INFORMATION GIVEN:
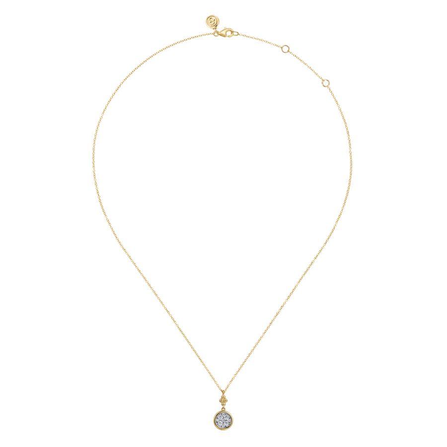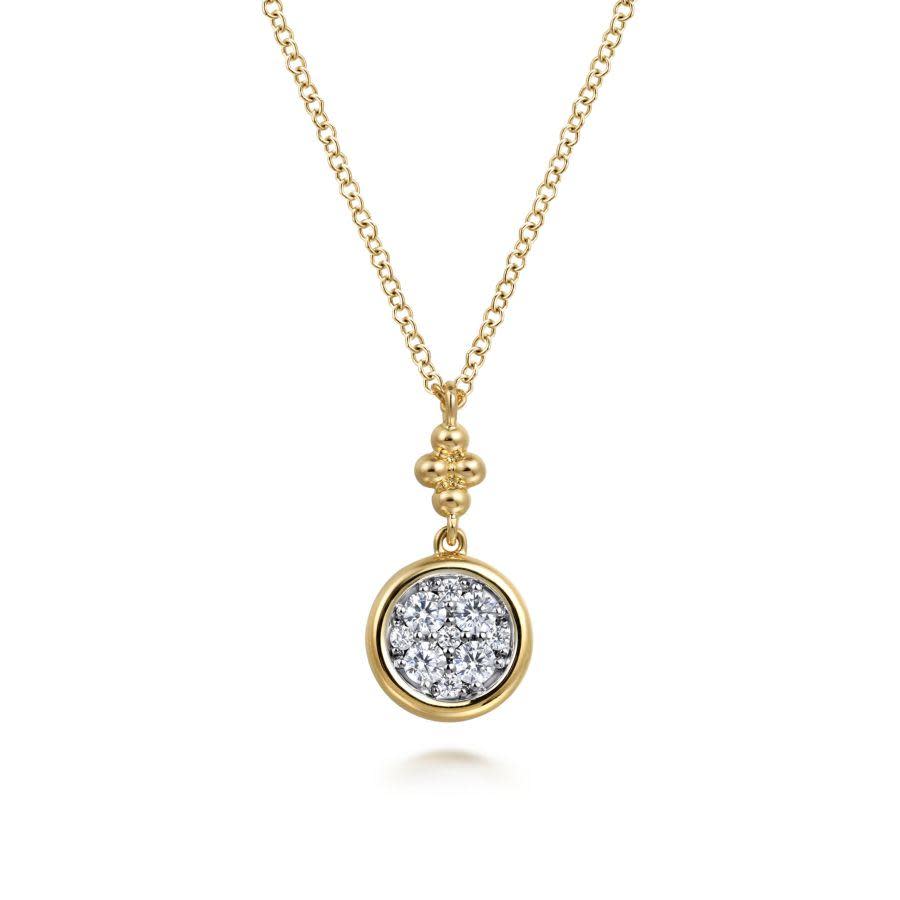 14K White and Yellow Gold Diamond Cluster Drop Necklace
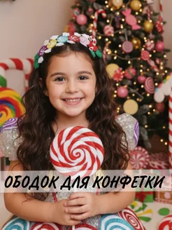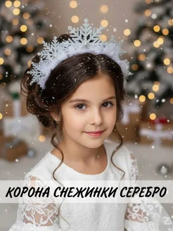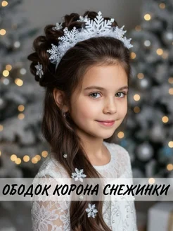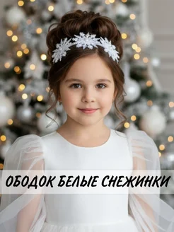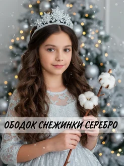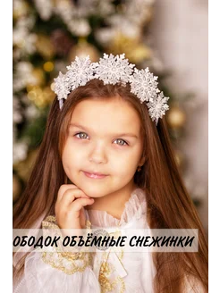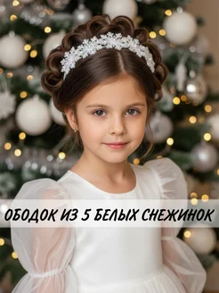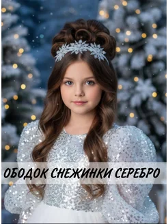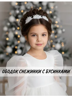 Ободок новогодний из трех снежинок с блестками и бусинами
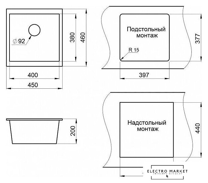 врезная на столешницу, кварц, фактура: матовая, глубина чаши: 18 см, в шкаф шириной от 60 см
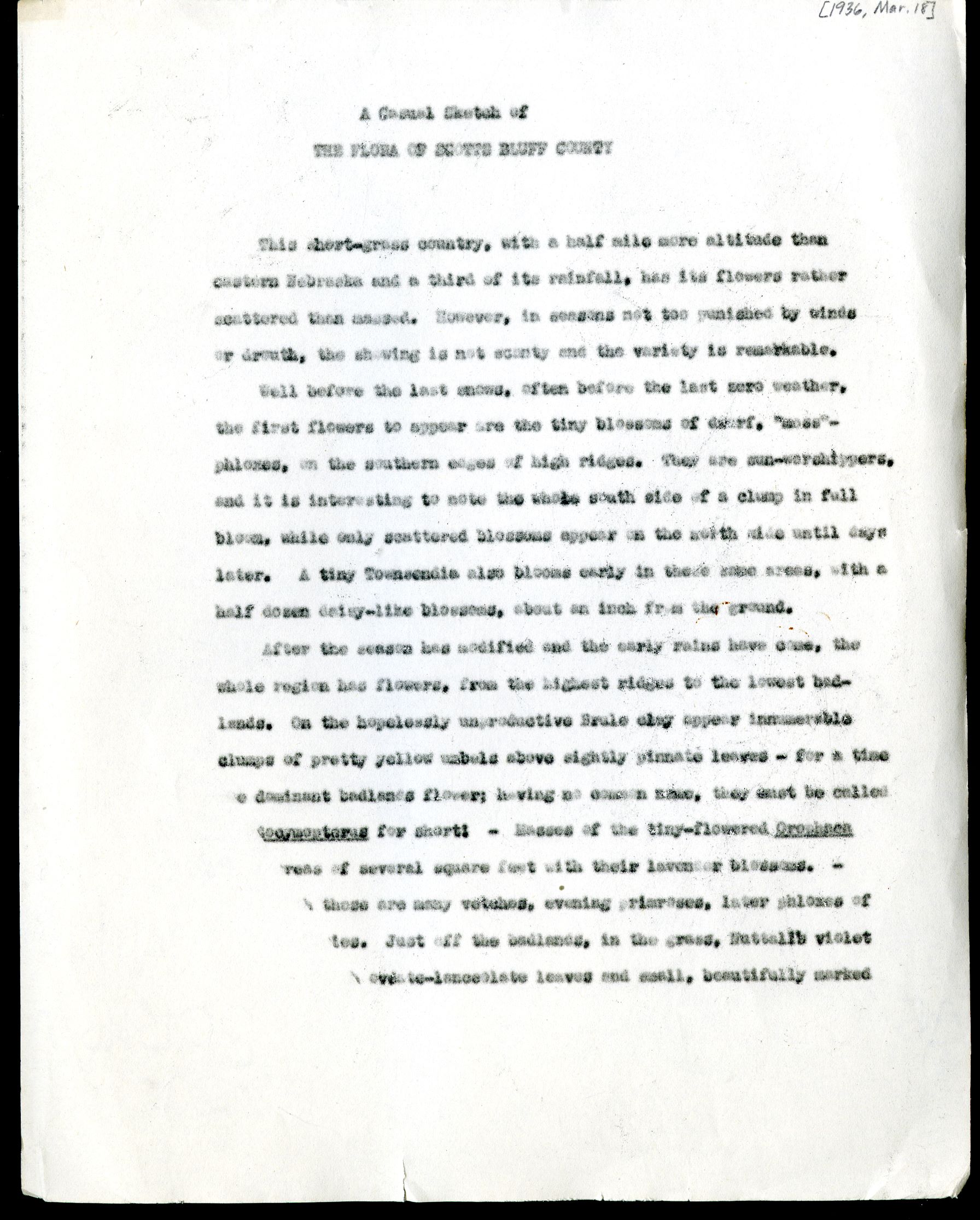 1 A Casual Sketch of THE FLORA OF SCOTTS BLUFF COUNTY This short-grass country, with a half mile more altitude then eastern Nebraska and a third of its rainfall, has its flowers rather scattered than . However, in seasons not too punished by winds or drouth, the showing is not scenty and the variety is remarkable. Well before the last snows, often before the last zero weather, the first flowers to appear are the tiny blossoms of dwarf. "moss"-phloxes, on the southern edges of high ridges. They are sun-worshippers, and it is interesting to note the whole south side of a clump in full bloom, while only scattered blossoms appear on the north side until days later. A tiny Townsendia also blooms early in these same areas, with a half dozen daisy-like blossoms, about an inch form the ground. After the season has modified and the early rains have come, the whole region has flowers, from the highest ridges to the lowest badlands. On the hopelessly unproductive Brule clay appear innumerable clumps of pretty yellow umbels above slightly pinnate leaves -for a time the dominant badlands flower; having common name, they must be called Pseadoeymopterus for short! -Along with these are many vetches, evening primreged, later phloxes of several species. Just off the badlands, in the grass, Nattalf's violet is common, with ovate-leneeolate and small, beautifully marked yellow flowers.
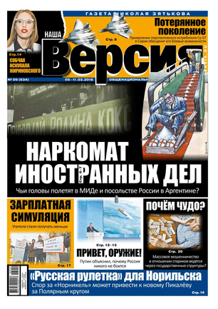 Общероссийская еженедельная газета «Наша Версия» сегодня - это один из ведущих еженедельников журналистских расследований – жесткий и информативный, остроумный и понятный.

PROBLEM TO WORK ON: Every line from the start of the listing above through the line with "врезная на столешницу, кварц, фактура: матовая, глубина" should be repeated exactly; skip the pictures and add nothing else.

EXERCISE RESPONSE:
 14K White and Yellow Gold Diamond Cluster Drop Necklace
 Ободок новогодний из трех снежинок с блестками и бусинами
 врезная на столешницу, кварц, фактура: матовая, глубина чаши: 18 см, в шкаф шириной от 60 см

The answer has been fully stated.